= Victoria Hattam =

American political scientist

Victoria Hattam (born November 16, 1953) is an Australian-born American political scientist, noted for her research on American political economy and political development, and on the role of class, race and ethnicity in American politics.

Hattam graduated from the University of Melbourne in Australia in 1976 with a B.A.(Hons) degree in political science and philosophy. She completed her M.A. at the State University of New York at Buffalo in 1979 and her PhD in political science at MIT in 1987. Her doctoral dissertation on "Unions and Politics: The Courts and American Labor, 1806-1896" was awarded the E.E. Schattschneider prize by the American Political Science Association in 1989 for the best dissertation on American government and politics.
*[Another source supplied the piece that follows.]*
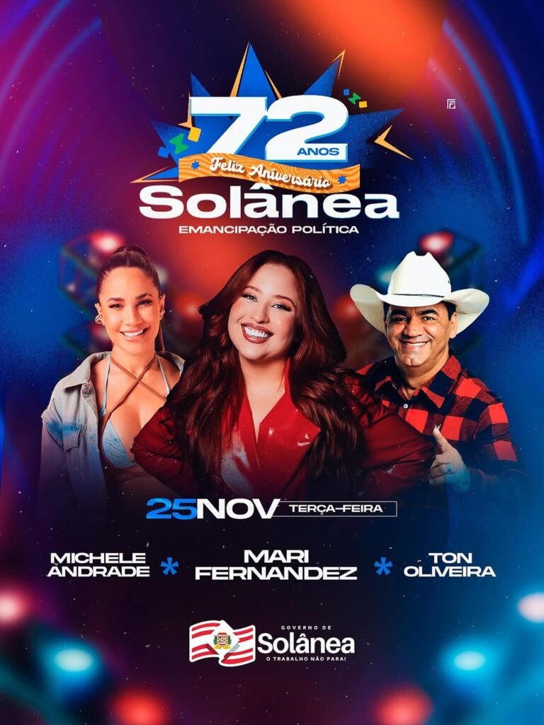 Solânea comemora 72 Anos de Emancipação com grandes shows nesta terça (25): Michele Andrade, Mari Fernandes e Ton Oliveira novembro 25, 2025 Leia Mais...

Hattam's revised dissertation was published as her first book, Labor Visions and State Power (1993) and examines why labor has played a more limited role in national politics in the United States than in other advanced industrial societies.

Hattam taught at Yale University from 1987 to 1993, and was a visiting scholar at the Russell Sage Foundation from 1997 to 1999 and a member at the Institute for Advanced Study in Princeton for 2000-2001. She joined the political science faculty at New School University in New York City in 1993 and is a professor and chair of the department.

Hattam was president of the Politics and History Section of American Political Science Association for 2006–2007 and is a member of the editorial board of the journals International Labor and Working-Class History and Studies in American Political Development.

==Selected publications==
- "Institutions and Political Change: Working-Class Formation in England and the United States, 1820-1896." 1992. Politics and Society 20(2): 133-166.
- Labor Visions and State Power: The Origins of Business Unionism in the United States. 1993. Princeton University Press.
- "History, Agency, and Political Change." 2000. Polity 32(3): 333-338.
- "Ethnicity: An American Genealogy." 2004. In Not Just Black and White: Historical and Contemporary Perspectives on Immigration, Race, and Ethnicity in the United States, eds. N. Foner and G. Frederickson. Russell Sage Foundation.
- "The 1964 Civil Rights Act: Narrating the Past, Authorizing the Future." 2004. Studies in American Political Development 18(1): 60-69.
- In the Shadow of Race: Jews, Latinos, and Immigrant Politics in the United States. 2007. University of Chicago Press.